# 1.5.11.1. Maximum wind speed prediction at the Sprogø station¶

The exercise goal is to predict the maximum wind speed occurring every 50 years even if no measure exists for such a period. The available data are only measured over 21 years at the Sprogø meteorological station located in Denmark. First, the statistical steps will be given and then illustrated with functions from the scipy.interpolate module. At the end the interested readers are invited to compute results from raw data and in a slightly different approach.

## Statistical approach¶

The annual maxima are supposed to fit a normal probability density function. However such function is not going to be estimated because it gives a probability from a wind speed maxima. Finding the maximum wind speed occurring every 50 years requires the opposite approach, the result needs to be found from a defined probability. That is the quantile function role and the exercise goal will be to find it. In the current model, it is supposed that the maximum wind speed occurring every 50 years is defined as the upper 2% quantile.
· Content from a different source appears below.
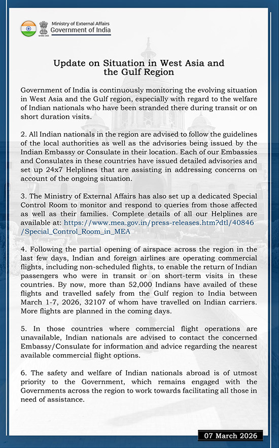 New Delhi, March 7, 2026: The Government of India is closely monitoring the evolving situation in West Asia and the Gulf region, with special focus on the safety and welfare of Indian nationals stranded there during transit or short-term visits.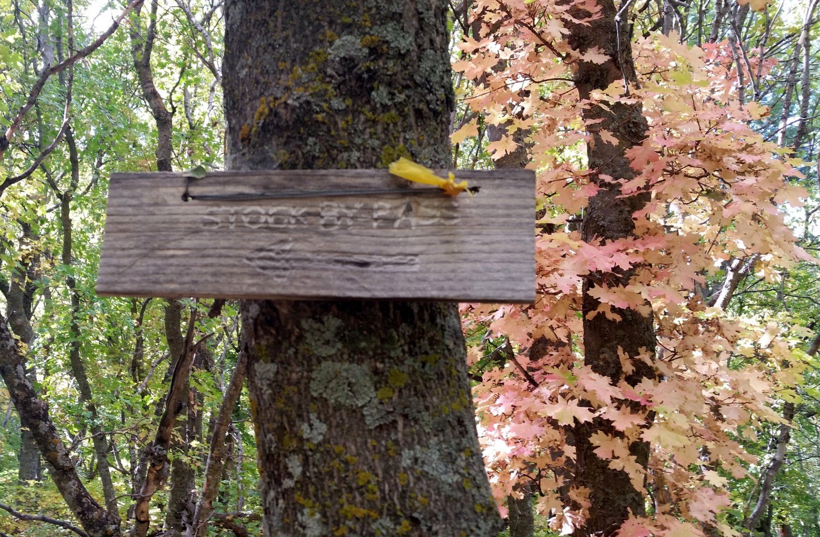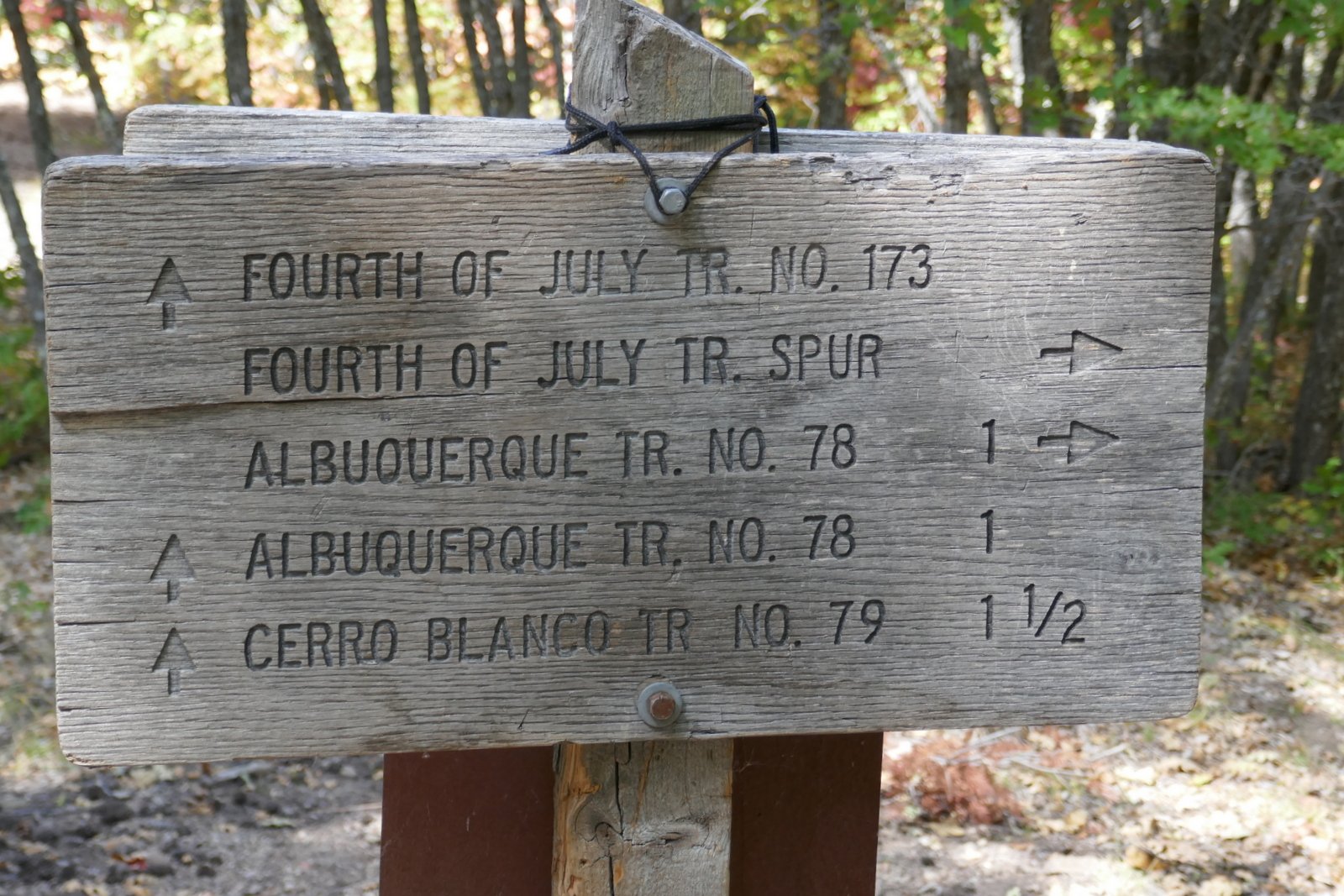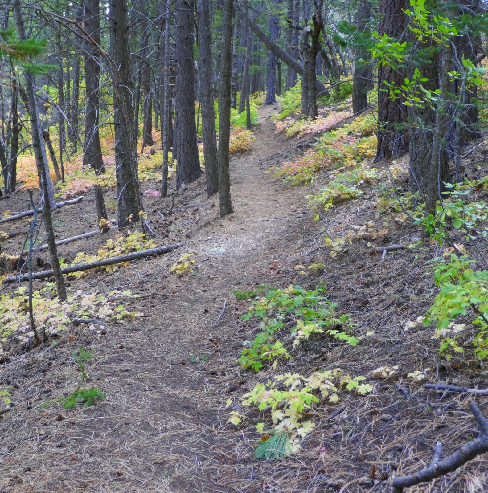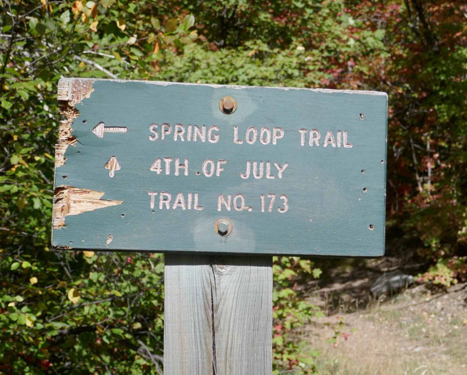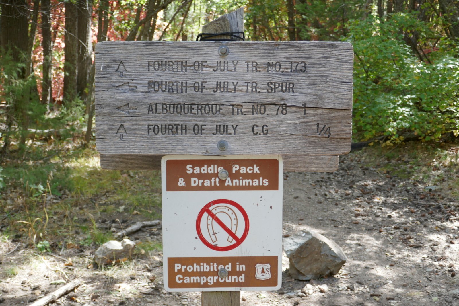 The Fourth of July trailhead, at the far (west) end of the campground, is clearly marked and starts out as a ‘thoroughfare’ trail (see the photos in the Gallery below). Signs, and the Welcome Board, leave no doubt which direction to proceed at each intersection going up the trail. The area is replete with maple trees, and this first week on October is perfect to enjoy their colors.

By definition, the quantile function is the inverse of the cumulative
distribution function. The latter describes the probability distribution
of an annual maxima. In the exercise, the cumulative probability `p_i`

for a given year `i`

is defined as `p_i = i/(N+1)`

with `N = 21`

,
the number of measured years. Thus it will be possible to calculate
the cumulative probability of every measured wind speed maxima.
From those experimental points, the scipy.interpolate module will be
very useful for fitting the quantile function. Finally the 50 years
maxima is going to be evaluated from the cumulative probability
of the 2% quantile.

## Computing the cumulative probabilities¶

The annual wind speeds maxima have already been computed and saved in
the NumPy format in the file `examples/max-speeds.npy`

, thus they will be loaded
by using NumPy:

```
>>> import numpy as np
>>> max_speeds = np.load('intro/scipy/summary-exercises/examples/max-speeds.npy')
>>> years_nb = max_speeds.shape[0]
```

Following the cumulative probability definition `p_i`

from the previous
section, the corresponding values will be:

```
>>> cprob = (np.arange(years_nb, dtype=np.float32) + 1)/(years_nb + 1)
```

and they are assumed to fit the given wind speeds:

```
>>> sorted_max_speeds = np.sort(max_speeds)
```

## Prediction with UnivariateSpline¶

In this section the quantile function will be estimated by using the
`UnivariateSpline`

class which can represent a spline from points. The
default behavior is to build a spline of degree 3 and points can
have different weights according to their reliability. Variants are
`InterpolatedUnivariateSpline`

and `LSQUnivariateSpline`

on which
errors checking is going to change. In case a 2D spline is wanted,
the `BivariateSpline`

class family is provided. All those classes
for 1D and 2D splines use the FITPACK Fortran subroutines, that’s why a
lower library access is available through the `splrep`

and `splev`

functions for respectively representing and evaluating a spline.
Moreover interpolation functions without the use of FITPACK parameters
are also provided for simpler use.

For the Sprogø maxima wind speeds, the `UnivariateSpline`

will be
used because a spline of degree 3 seems to correctly fit the data:

```
>>> import scipy as sp
>>> quantile_func = sp.interpolate.UnivariateSpline(cprob, sorted_max_speeds)
```

The quantile function is now going to be evaluated from the full range of probabilities:

```
>>> nprob = np.linspace(0, 1, 100)
>>> fitted_max_speeds = quantile_func(nprob)
```

In the current model, the maximum wind speed occurring every 50 years is defined as the upper 2% quantile. As a result, the cumulative probability value will be:

```
>>> fifty_prob = 1. - 0.02
```

So the storm wind speed occurring every 50 years can be guessed by:

```
>>> fifty_wind = quantile_func(fifty_prob)
>>> fifty_wind
array(32.97989825...)
```

The results are now gathered on a Matplotlib figure:

## Exercise with the Gumbell distribution¶

The interested readers are now invited to make an exercise by using the wind
speeds measured over 21 years. The measurement period is around 90 minutes (the
original period was around 10 minutes but the file size has been reduced for
making the exercise setup easier). The data are stored in NumPy format inside
the file `examples/sprog-windspeeds.npy`

. Do not look at
the source code for the plots
until you have completed the exercise.

The first step will be to find the annual maxima by using NumPy and plot them as a matplotlib bar figure.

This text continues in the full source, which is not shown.